Monday, September 29, 2008


Wherever I live, I like to save space for spontaneous drawing. I’ll designate walls, pillars, cupboards or wooden planks. There is no specific idea in mind at first. I like to take the energy of whatever is happening at that particular moment and turn it into something that somewhat resembles a feeling I am having. A lot of the times it is boredom and pent up aggression that decides what my house looks like. This was cabin fever at its worst. A small cabin at 4000 feet elevation, 4 feet of snow, 1 hour of daylight, 6 or 7 pints of beer, and this is what came out. It’s also the product of an unquenchable Bukowski habit.

Monday, September 15, 2008

Broken II


This drawing is a new version of an old poem I illustrated

Medium - Pastel and Graphite on Paper
Dimensions - 9X11
Price - SOLD

The 9 to 5 Blues



Throughout college and the few years following I worked a variety of low end service industry jobs. This drawing expresses the frustration inherent with working a hard job for chump change, having terribly vindictive bosses, and accepting a complimentary chicken strip dinner on the window sill of the dish pit five or six nights a week. Millions of people make a living like this for their entire lives without complaint. Hats off to them for being stronger people than me. This is my formal complaint letter.
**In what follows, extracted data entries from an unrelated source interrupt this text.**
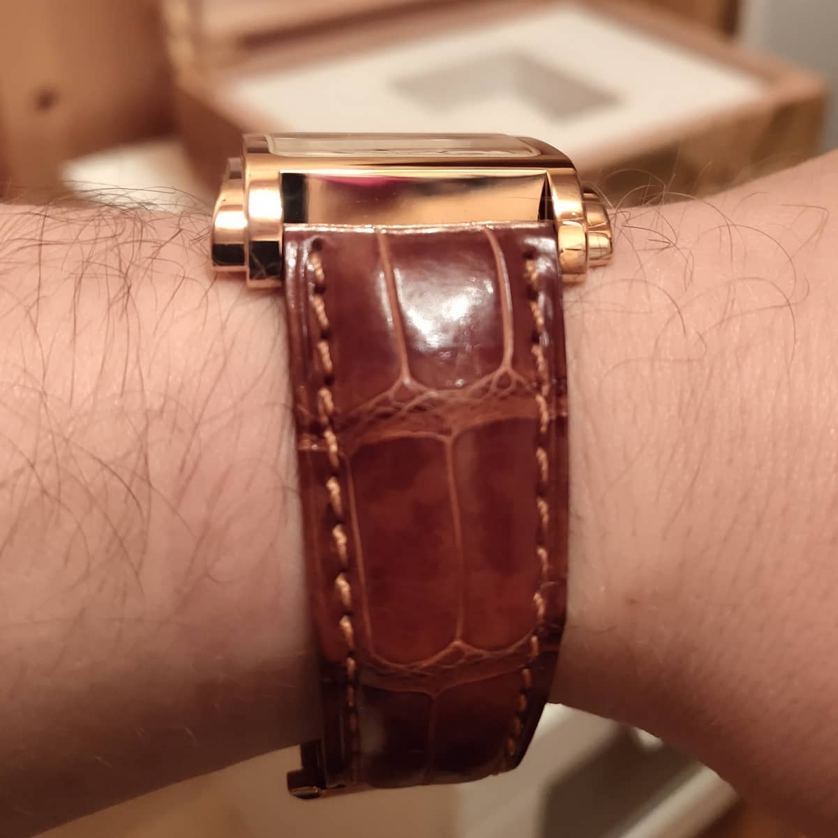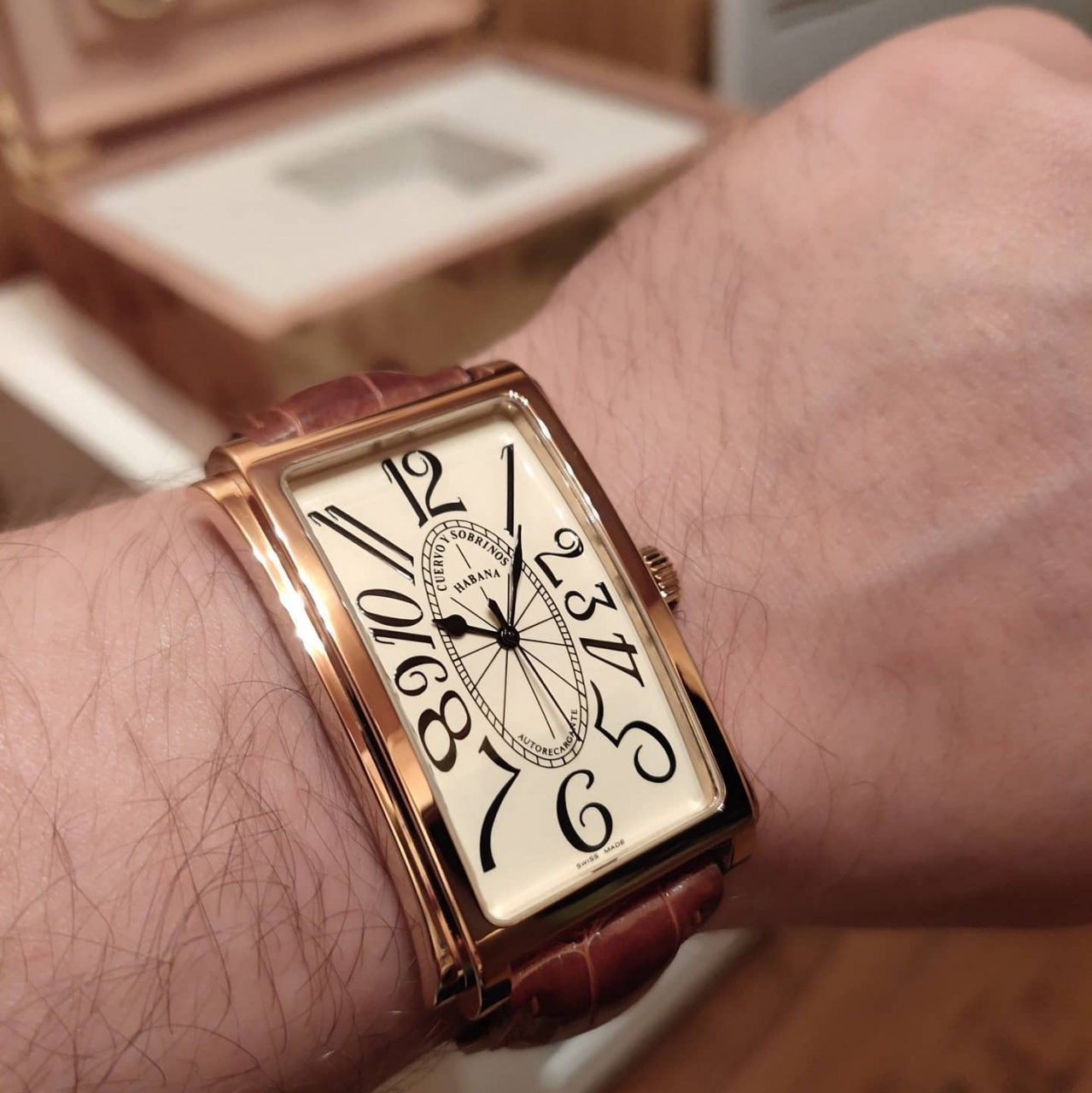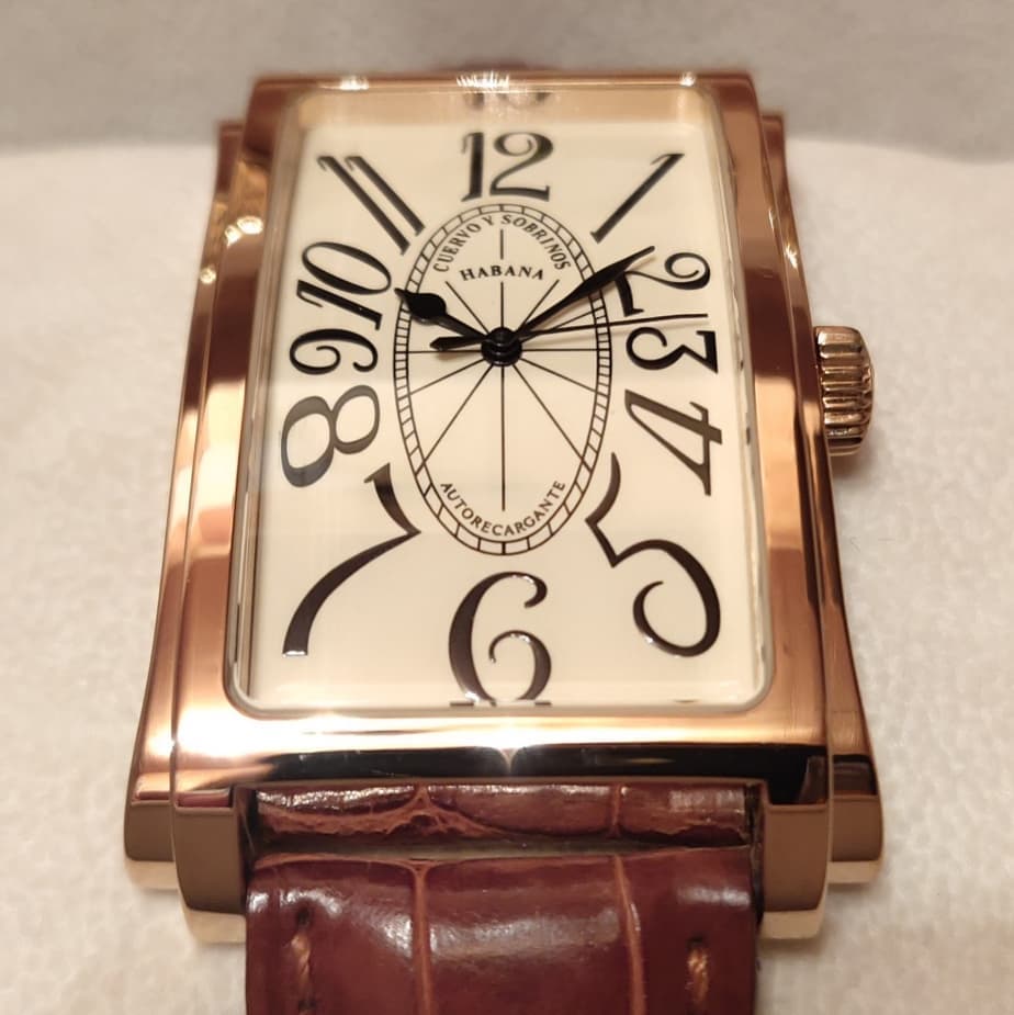 Потрясающе красивые и очень претижные золотые швейцарские часы Cuervo y Sobrinos Prominente в крупном корпусе из золота 750 пробы размером 33x52мм на шикарном коричневом ремне из луизианского аллигатора с фирменной золотой застежкой. Часы идеально сидят на любом запястье благодаря продуманной эргономике и изогнутому корпусу, а прямоугольный дизайн с изумительными цифрами на циферблате делает эти часы поистине не подвластными времени. Механика с автоподзаводом и функциями часов, минут и большой секундной стрелки. Очень красивый эмалевый циферблат бежевого цвета с филлигранно нарисованными черными арабскими цифрами. Отдельное слово надо сказать про шкатулку для этих часов, поскольку это еще и настоящий хюмидор для сигар, так как название модели Prominente - это один из элитных сортов сигар. Огромная шкатулка выполнена из ценных пород массива тропического кедра из семейства мелианковых — единственного, помимо самого табака, материала, тонкий аромат которого обогащает запах сигары. Открывая шкатулку, вы словно окунаетесь в мир благородного аромата кедрового леса. Петли на крышке и все металлические части внутри шкатулки позолочены. Идеальное внешнее и техническое состояние часов и футляра. Общий вес часов 110 грамм. Ритейл этой модели 19000$ Рассмотрю обмен на швейцарские часы с вашей или моей доплатой. В приоритете Dubey&Schaldenbrand.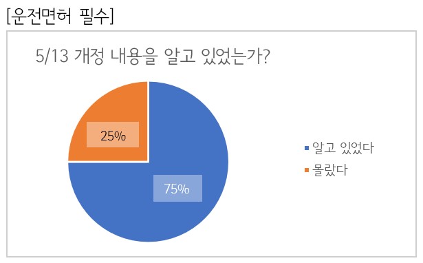학부생 대상 설문을 통해 개정된 도로교통법 내용 중 운전면허가 필수임을 알고 있는지를 확인했다. 설문조사에 응답한 전체 학부생 68명 중 75.0%에 해당하는 51명의 학부생이 운전면허 소지가 필수임을 알고 있다고 응답했다.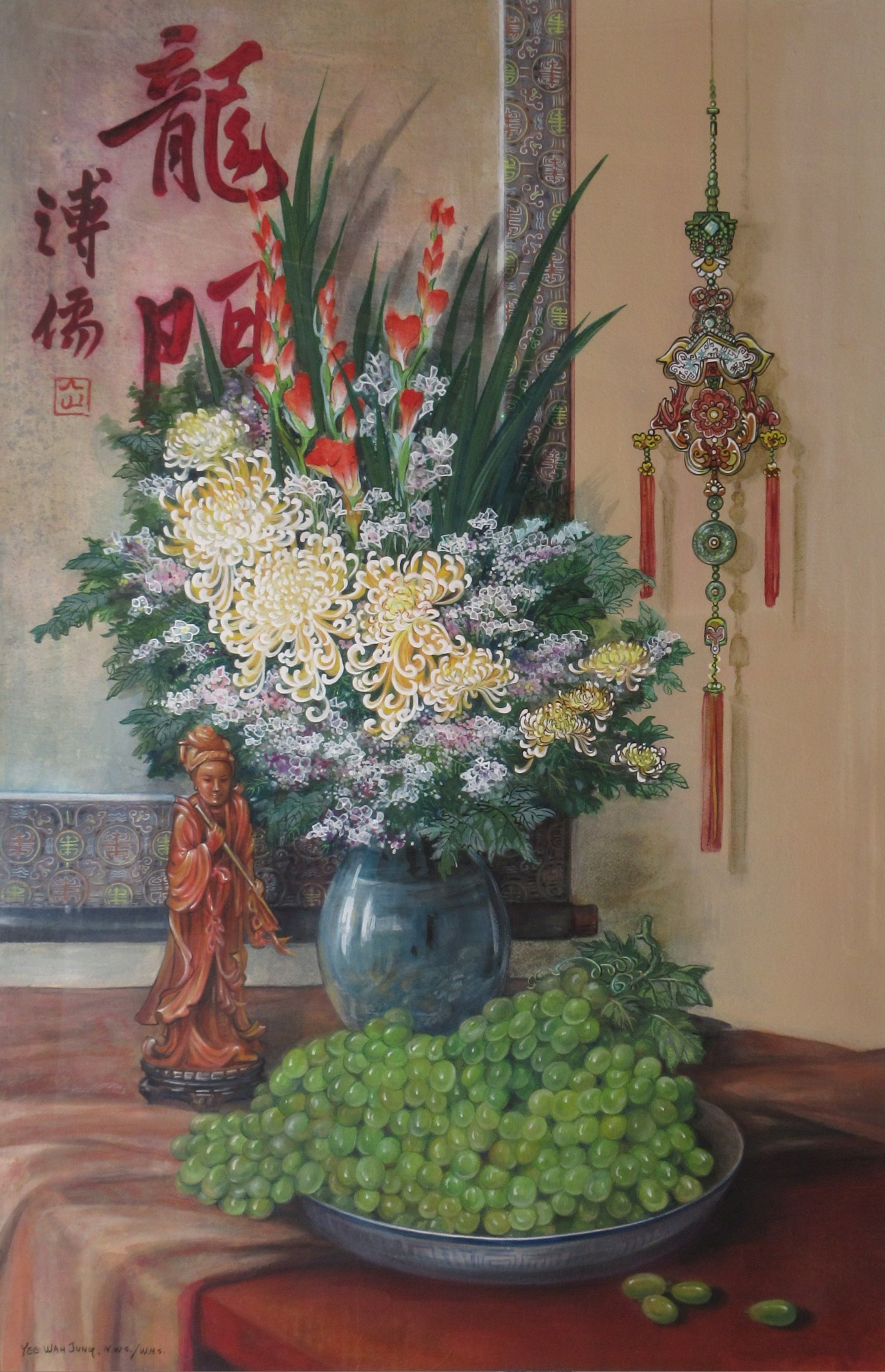 A bowl of green grapes, brown hard-stone figurine, chrysanthemums & gladiolas in a blue glazed vase set before a calligraphy hanging and wall ornament. Matted and in a white an mauve wooden frame.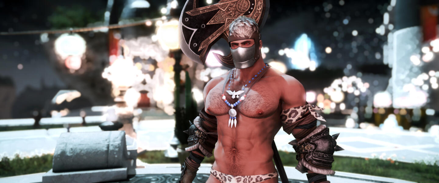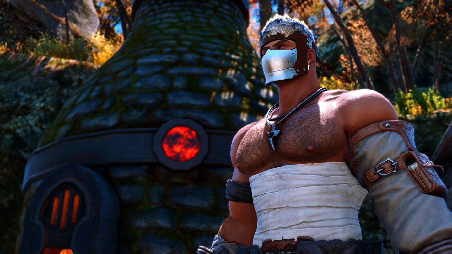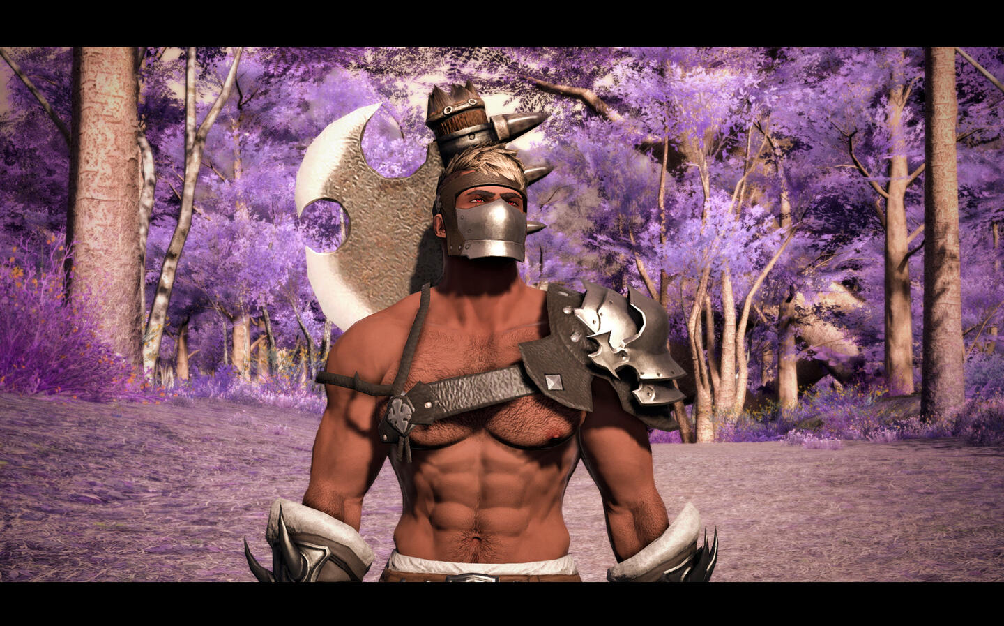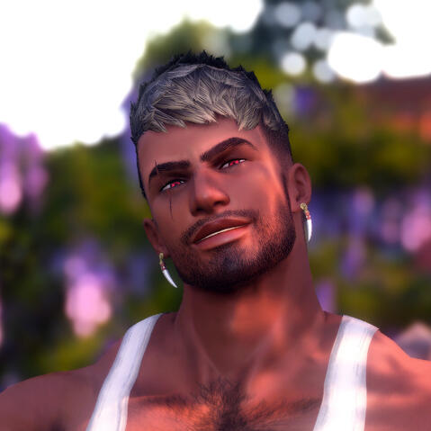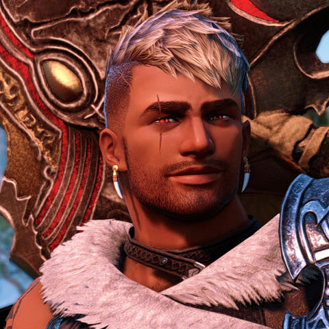 HUNTING MONSTERS.Taking these two passions to the point of obsession, Hunter's physique and combat prowess are his constant work of personal achievement. Nearly every experience is framed through the lens of a challenge to overcome, or a goal to achieve.With a well-groomed beard and a conventionally attractive jawline, Hunter was uncharacteristically 'pretty' for the job. Save for a thin scar running down vertically across his right eye, the huntsman remained remarkably unmarred for someone who spent his days tracking the most ambitious game he could find— indicative of his vanity, and efforts to maintain those roguishly good looks for which he held great pride.Typically garbed in a tribal style of wear, he displays his efforts proudly; straps, loincloths, bonetooth bands, and wrappings comprise the bulk of his wardrobe. Favoring flair and intimidation techniques over most conventional modes of practicality, his dress is fitted to accentuate his musculature.

Medium - Pastel on Matboard
Dimensions - 25X30
Price - 500$

Oh, the gruesome destiny...




I'm not actually sure what the motivation for this drawing was. I did it in 2003 and displayed it in a few galleries around Marquette, MI alongside the other three in the "Americana" series. My professor at the time nicknamed drawings like these "psychoscapes". The title was GODDAMNIT for a while and caused some hilarious reactions that I was able to witness as I was the monitor in one of those galleries. I watched a woman walk up to it and mumble "it's just so depressing" with a nauseaus look on her face... priceless.

Medium - Pastel on Matboard
Dimension - 18X24
Price - 350$

Forgotten oil still life


First attempt at a still life in oil. It was painted with the help of Alexander Rokoff at Rokoff studios in North Portland.